出たくないんなら出なければいい。ステージに経って音楽をやりたいから、なんとかいうオーディションを受けて、東芝EMIに売り込んで、って活動してきたんじゃないのか。本名の椎名ナントカさんとしては、ステージは居心地が悪いかもしれないけど、シーナリンゴは、ステージ以外のどこで生きるんだ?
インタビュアーである兵庫氏の感覚もよく分からない。たしかに、ここが俺の場所だぜ!みんな愛してるぜ!みたいなノリには興味がないけど、でも、人前に出るというシンドさがあったとしても、それを乗り越える、それは単に音が鳴っているからではなく、自分が音を鳴らして、その音を聴いて興奮している人たちがいて、幸せになるのではないのだろうか。

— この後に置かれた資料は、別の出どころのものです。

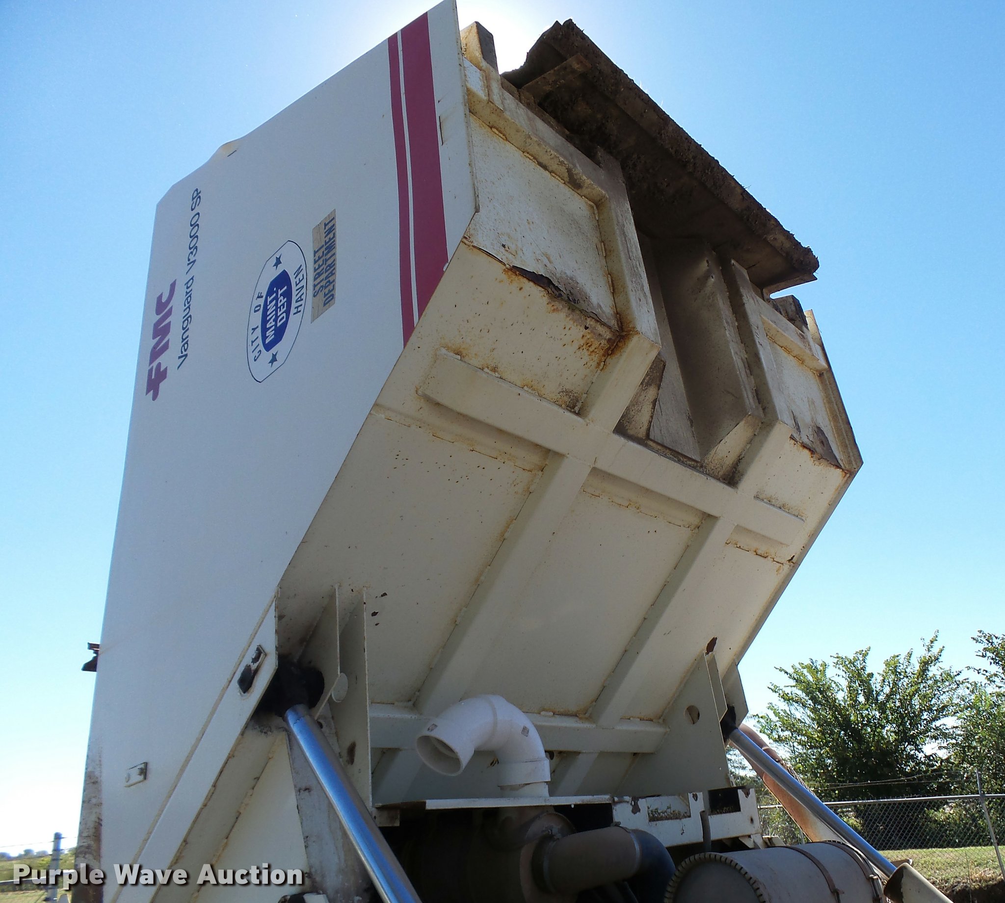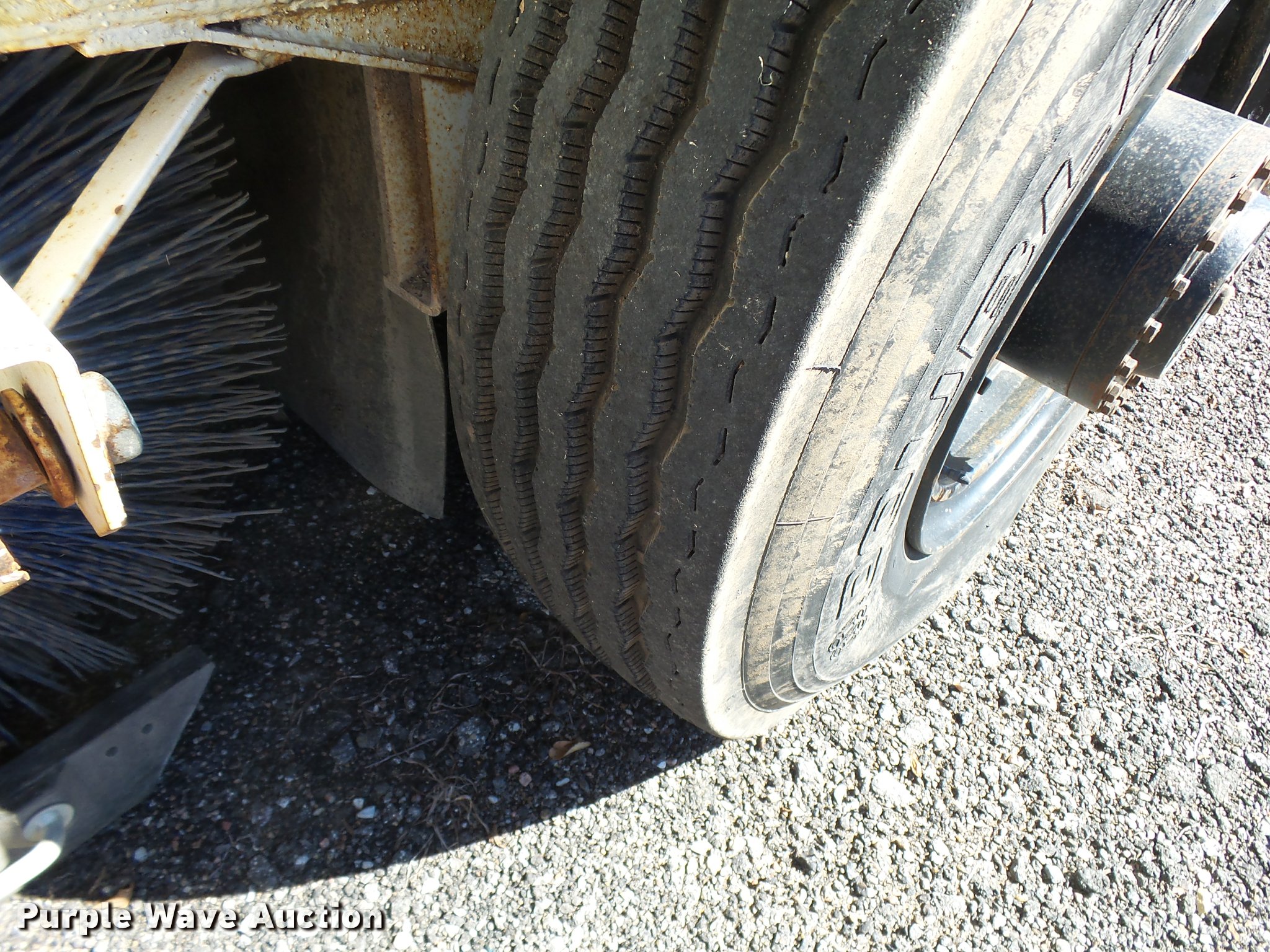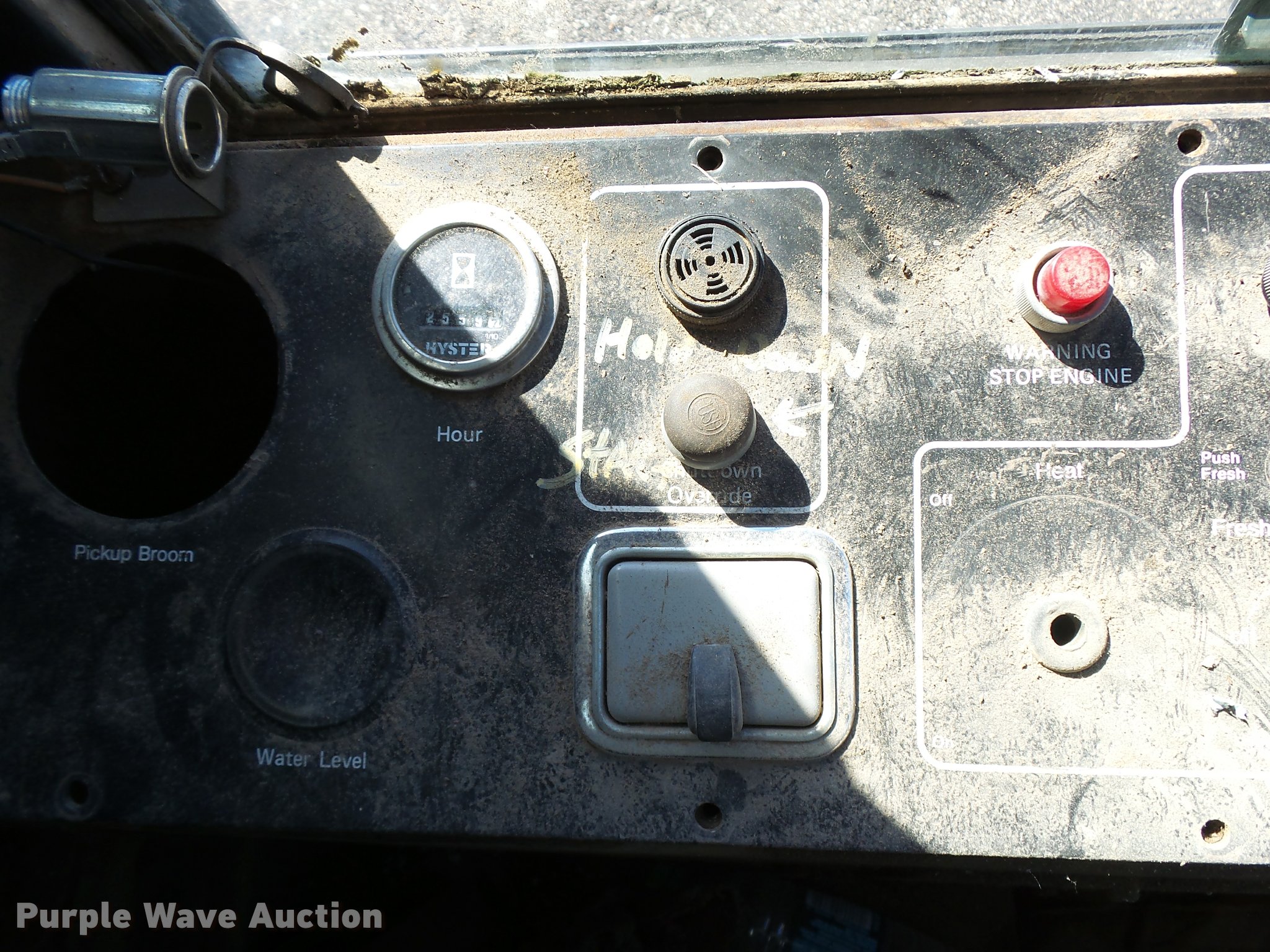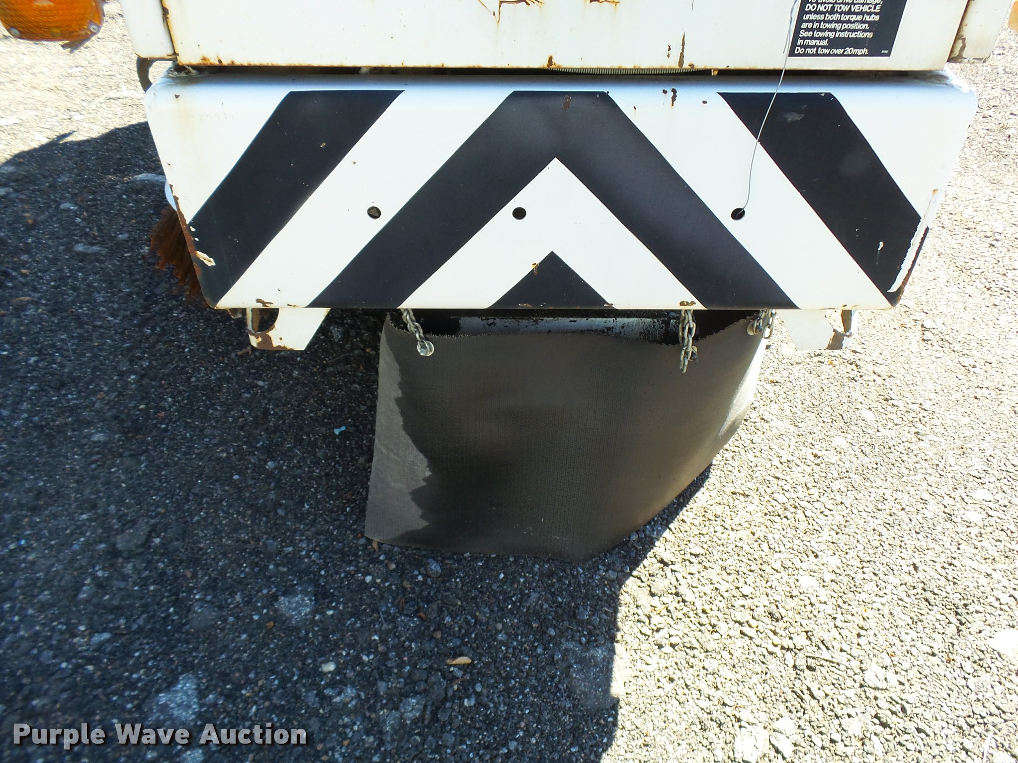 Purple Wave is selling a used Street Sweeper Truck in Kansas. This item is a 1989 FMC Vanguard V3000SP street sweeper with the following: 7,584 miles on odometer, 2,559 hours on meter, General Motors four cylinder diesel engine, Automatic transmission, Main broom, Right gutter broom, Water application, Hydraulic hopper, 10.00R20 tires, Left gutter broom missing, One conveyor paddle missing

単に音だけで幸せになれるんなら、ライヴなんてやる必要はない。ただただ苦痛に感じながらステージに立っている人を観るのは、こっちにとっても苦痛だ。
ザゼンの向井さんはよく、単に聴いてもらうんじゃなくって、首根っこをつかまえて『この曲いいやろ?』と聴かせたい、そこで向井かっこいーね、と言われることで達成される、ということをよく言っている。

『MUSIC MAGAZINE』1月号

芳林堂書店高田馬場店にて購入
特集は「ベスト・アルバム2006」。
日本のロックアルバムBEAST10に『ZAZEN BOYS 3』が入っていた。それから、こないだ観た二階堂和美も。
くるりの人もマイ・ベストを回答していた。ほとんどクラシックだったけど。